Work instructions →
Transcribe exactly, and only, the lines from the one containing "商品名称:A5格调笔记本+鼠标+充电宝+8G两用手机U盘+签字笔+名片夹+钥匙扣组合礼盒 实用办公七件套 年会礼品定制" through the end of the entries below, leaving the pictures out.
[Source material Boundary: Start]
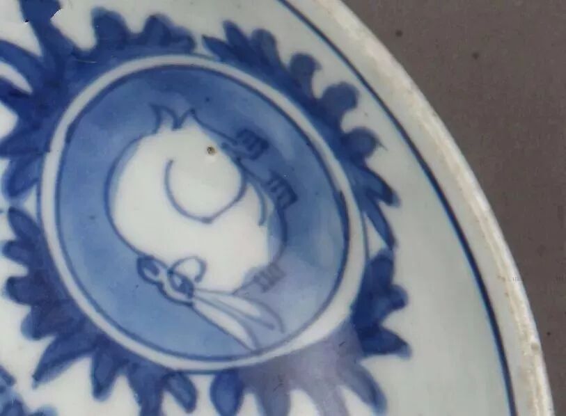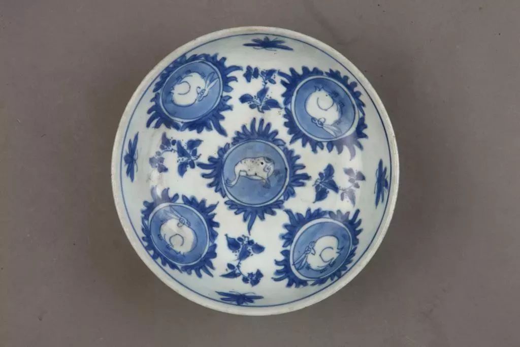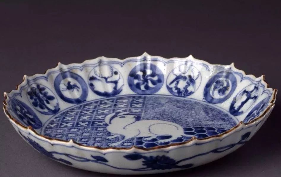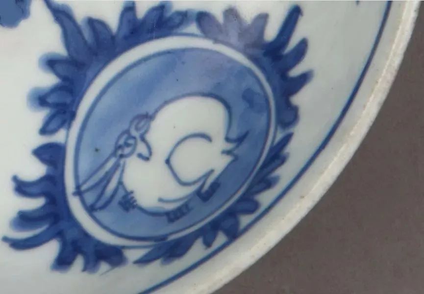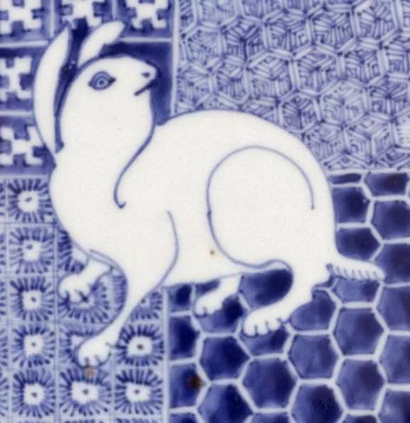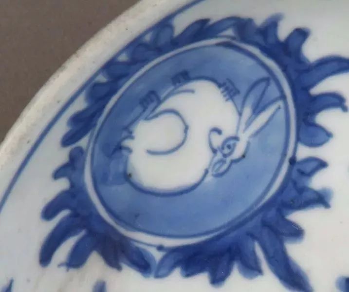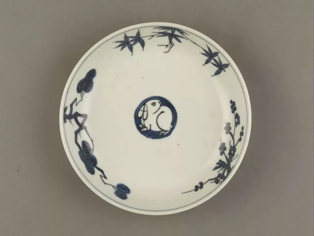 明末清初以来,民窑中常见此类以玉兔为题材的日用器,多以盘、碗、杯等为主,寓意“玉兔思乡”。![]()
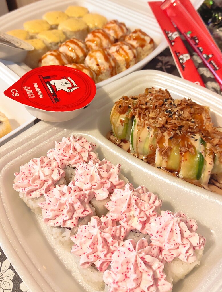 Роллы вкусные и довольно большие. Для нашего города это редкость. Приятные на вкус. При самовывозе персонал общался вежливо и задержки по заказу не было. В честь 8 марта положили маску для лица и фирменный магнитик. Для меня вы стали одним из фаворитов роллов в нашем городе.
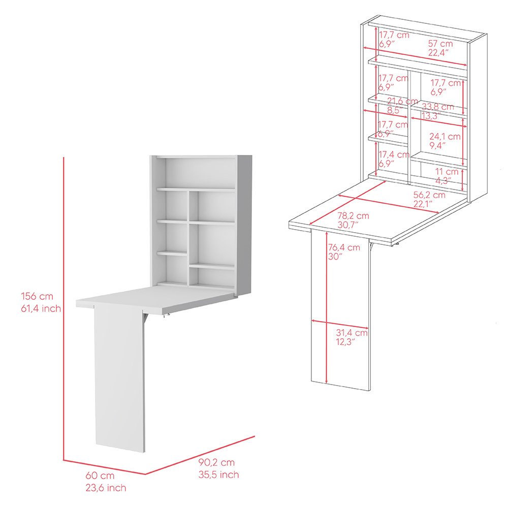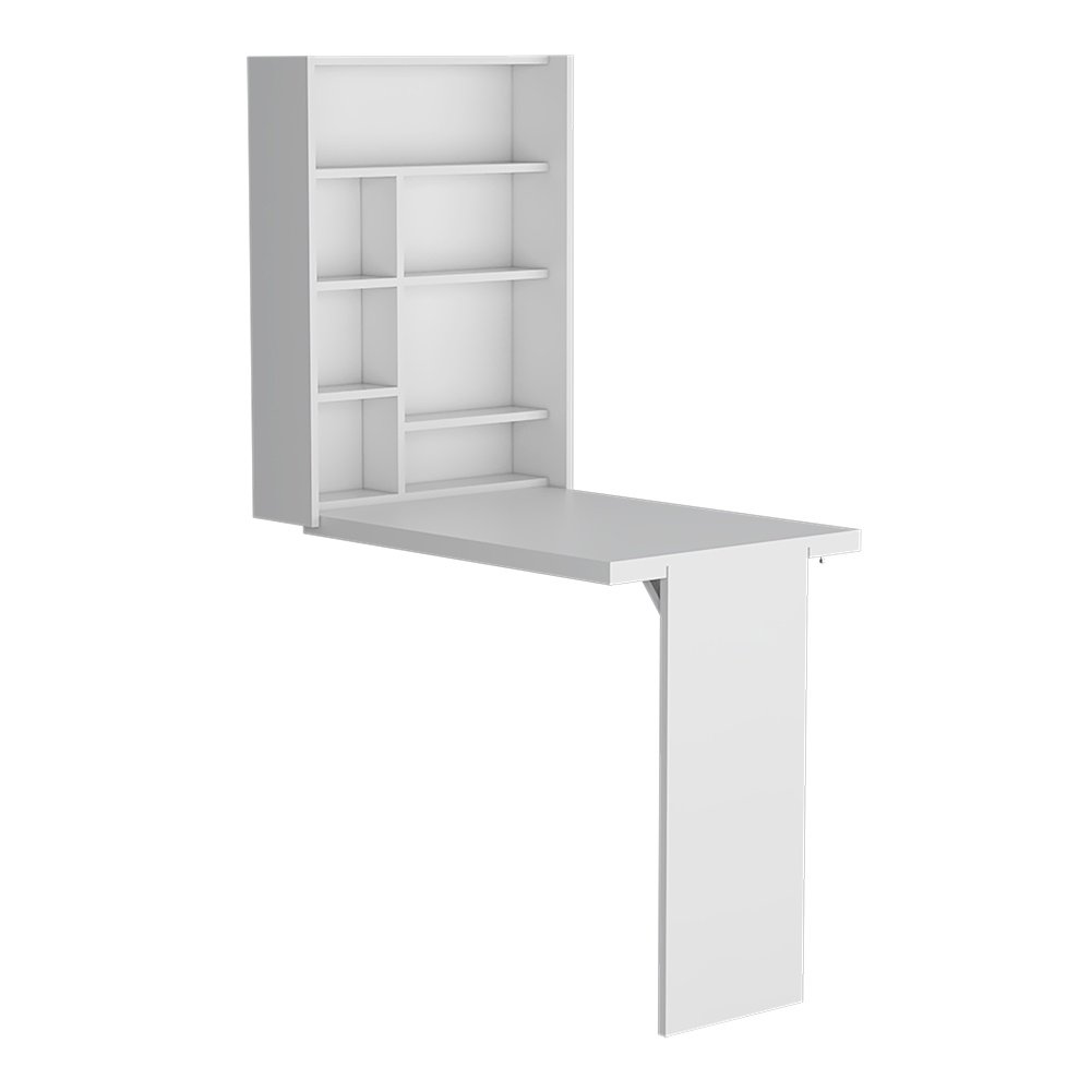 Foldable Table Tacoma, Seven Interior Shelves, White Finish
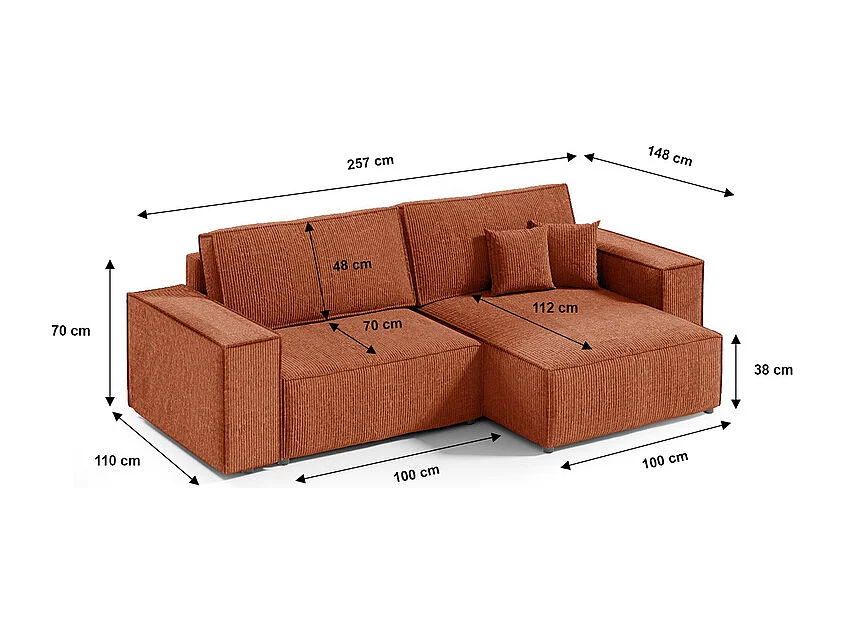 Canapé d'angle réversible et convertible 3 places avec coffre Isaac Mini velours côtelé Orange brique
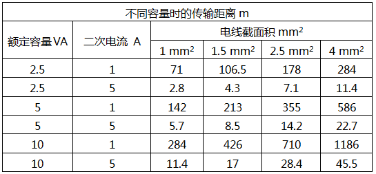大中型工廠,當(dāng)儀表和電流互感器安裝距離較遠(yuǎn)(例如45.5m)時(shí),從表2 可以看出,當(dāng)選用5A、10VA電流互感器時(shí),線截面積經(jīng)計(jì)算需4mm3;若選用1A、2.5VA電流互感器,線截面僅需1mm2。目前隨著計(jì)算機(jī)和數(shù)控儀表的普及和發(fā)展,額定二次電流為1A及以下規(guī)格的電流互感器選型已經(jīng)較普遍。
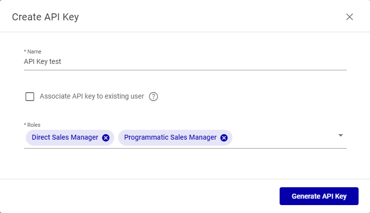 | Roles | Roles that can use the API Key. |
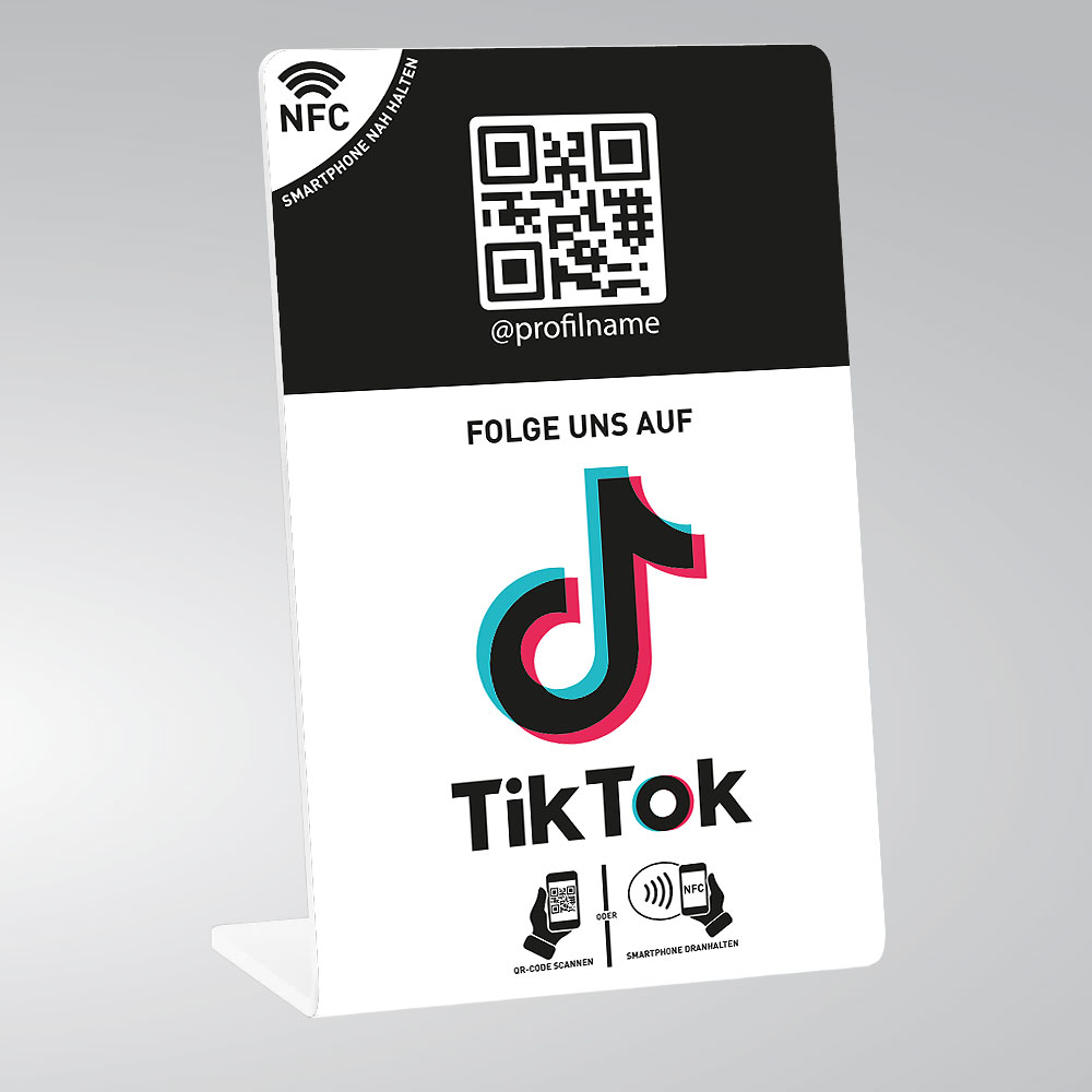 TikTok NFC QR-Code Tischaufsteller schwarz weiß
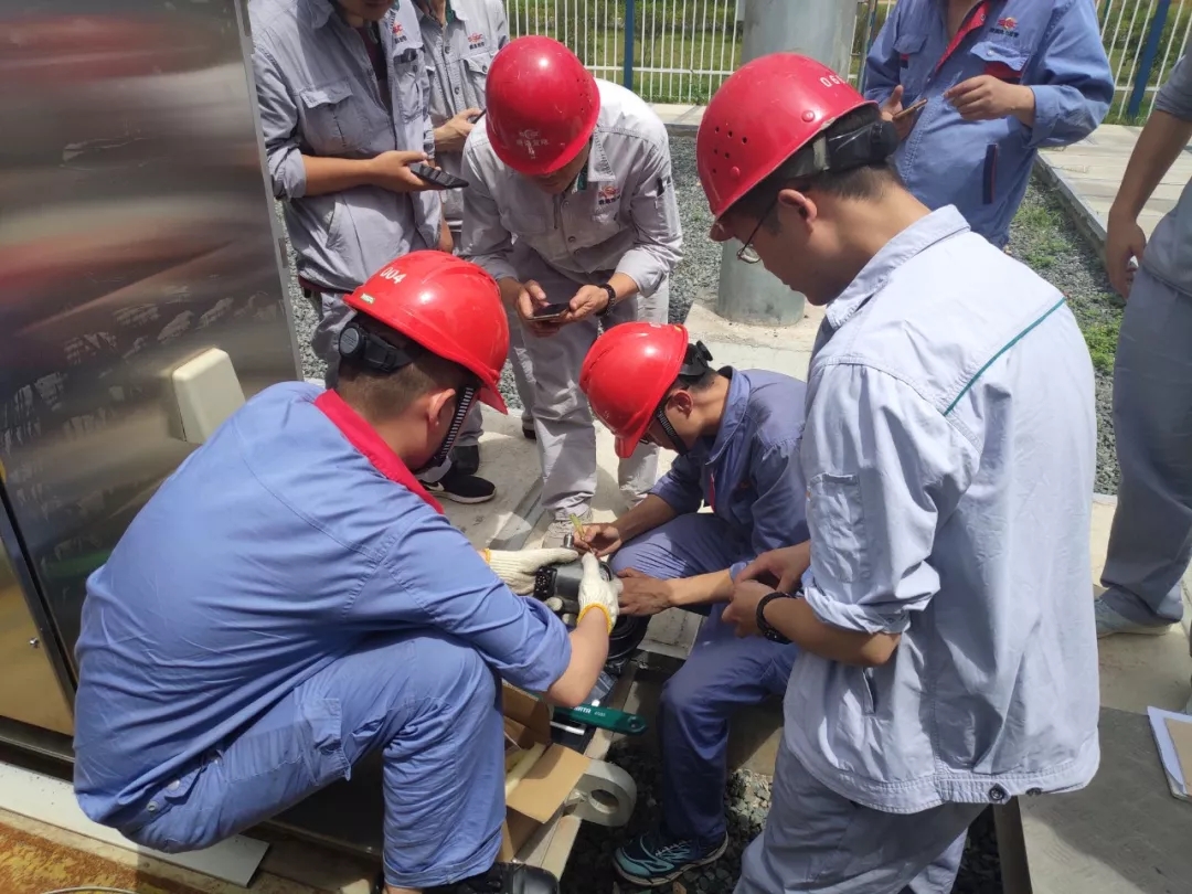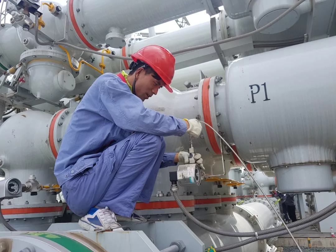 7月22日,电气试验中心人员赶赴商洛发电公司,利用新购置的德国威卡气体密度继电器校验仪和气体微水高精度测量仪对其在装的GIS(气体绝缘金属封闭开关设备)气室进行SF6(六氟化硫)密度继电器校验、微水测试以及气体组分含量测试等试验。面对新进的精密仪器,试验人员边学习,边摸索,严格遵循国家标准和操作规程的检测项目和周期,逐一对设备进行试验,并对结果进行分析比对。
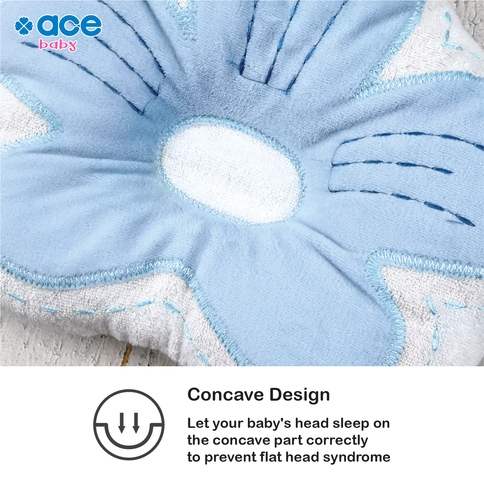 ACE BABY Nursing Pillow Infant Newborn Sleep Support Concave Cartoon Pillow Shaping Cushion Prevent Flat Head
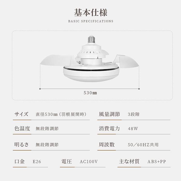 サイズ 直径530mm(羽根展開時)
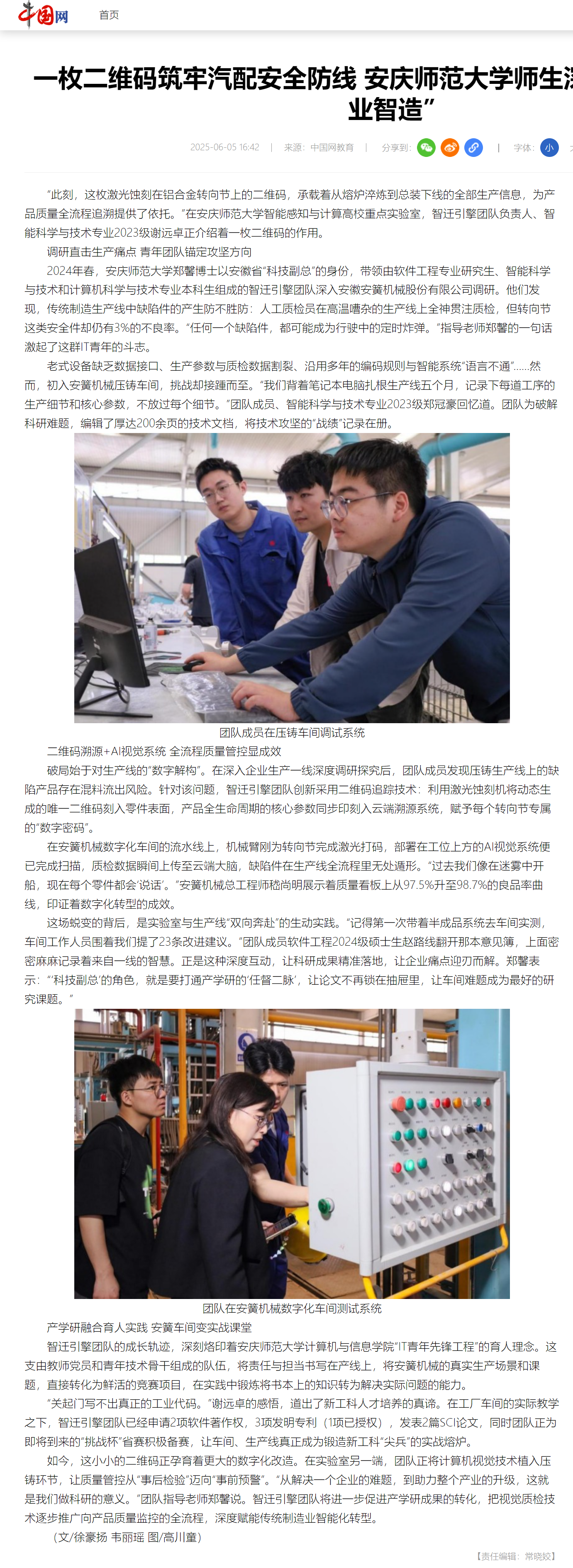 上一篇:安徽新闻网:一枚二维码筑牢汽配安全防线 安庆师大师生深入企业赋能“工业智造”
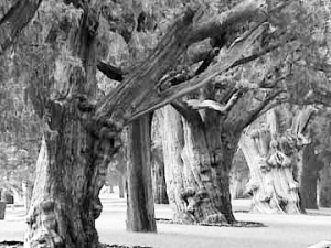 两株古杨树不仅是五里屯村的地理性标志,也是小村一道别致的风景。凡是从两株古杨树下经过的路人无不为树的高大挺拔所折服,常会不由自主地停下来欣赏一番。这正是当地村民值得自豪的地方。但让村民更为自豪的是,正是有了这两株古杨树的遮挡,村里的30余人在一次土匪的杀戮中幸免于难。
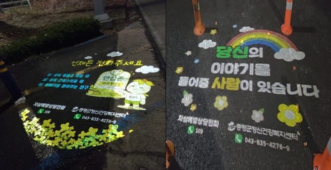 이에 센터는 보강천 하상 주차장과 연암 생태공원에 생명 존중 메시지와 로고젝터를 설치했다.
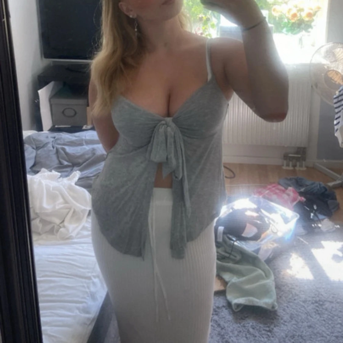 Supersöt ljusgrå linnetopp med smala axelband och knyt framtill. Toppen har en djup v-ringning och är tillverkad i ett mjukt, tunt material. Använd fåtal gånger
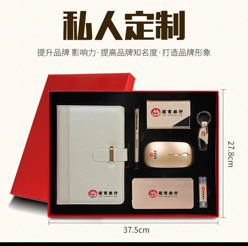 商品名称:A5格调笔记本+鼠标+充电宝+8G两用手机U盘+签字笔+名片夹+钥匙扣组合礼盒 实用办公七件套 年会礼品定制
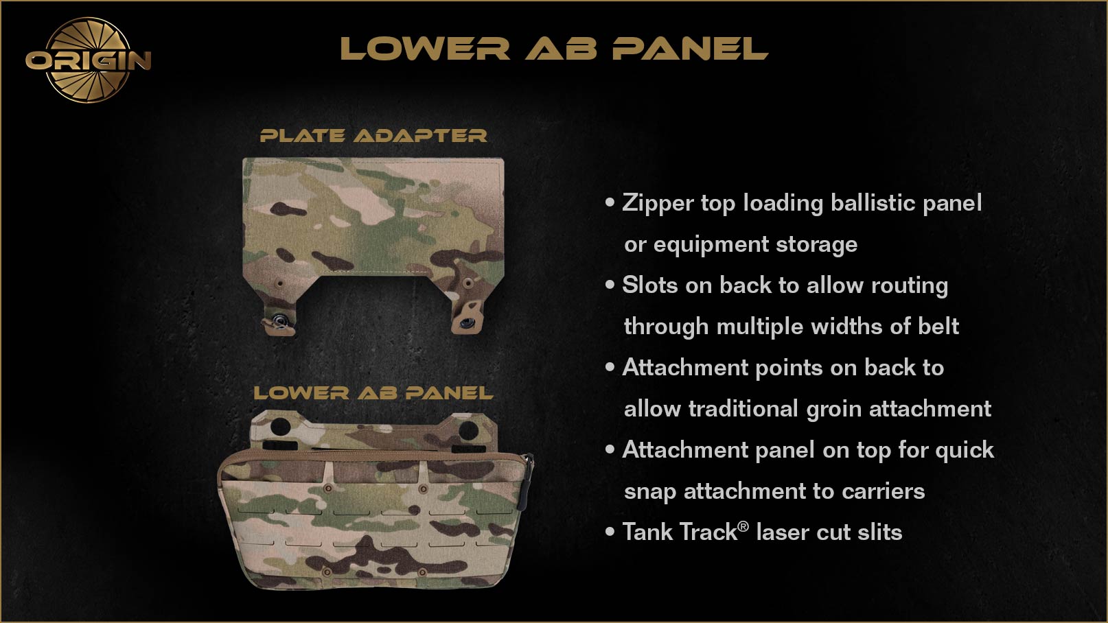 - Cummerbund with Tank Track® laser cut slits, Snap Track system, and infinity adjustment allows it to guide into carrier
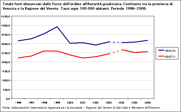 Confrontando il tasso dei furti totali denunciati nelle province venete nel 2006, la provincia di Venezia ha il tasso più elevato.
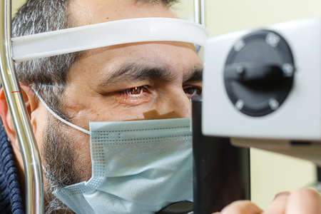 Caucasian aged male looking at slit lamp machine during medical check up in eye clime
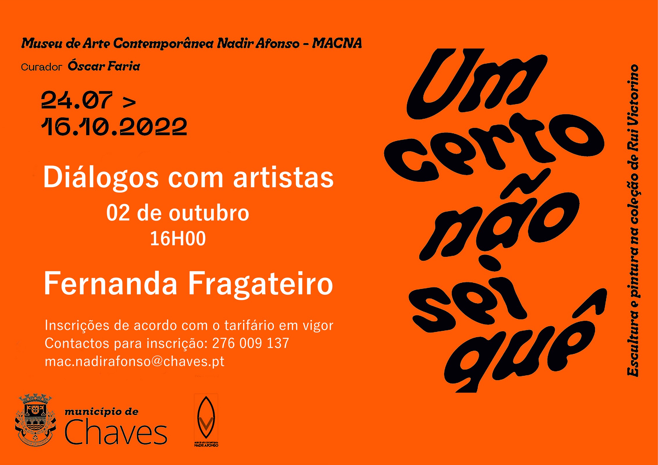 Inicia já no próximo domingo, dia 2 de outubro, pelas 16h00, o ciclo de conversas intitulado “Um certo não sei quê: diálogos com artistas”, desenvolvido no âmbito das atividades de dinamização da atual exposição patente no Museu de Arte Contemporânea Nadir Afonso – MACNA e que conta com a participação da artista plástica Fernanda Fragateiro.
[Source material Boundary: End]
Result →
 商品名称:A5格调笔记本+鼠标+充电宝+8G两用手机U盘+签字笔+名片夹+钥匙扣组合礼盒 实用办公七件套 年会礼品定制
 - Cummerbund with Tank Track® laser cut slits, Snap Track system, and infinity adjustment allows it to guide into carrier
 Confrontando il tasso dei furti totali denunciati nelle province venete nel 2006, la provincia di Venezia ha il tasso più elevato.
 Caucasian aged male looking at slit lamp machine during medical check up in eye clime
 Inicia já no próximo domingo, dia 2 de outubro, pelas 16h00, o ciclo de conversas intitulado “Um certo não sei quê: diálogos com artistas”, desenvolvido no âmbito das atividades de dinamização da atual exposição patente no Museu de Arte Contemporânea Nadir Afonso – MACNA e que conta com a participação da artista plástica Fernanda Fragateiro.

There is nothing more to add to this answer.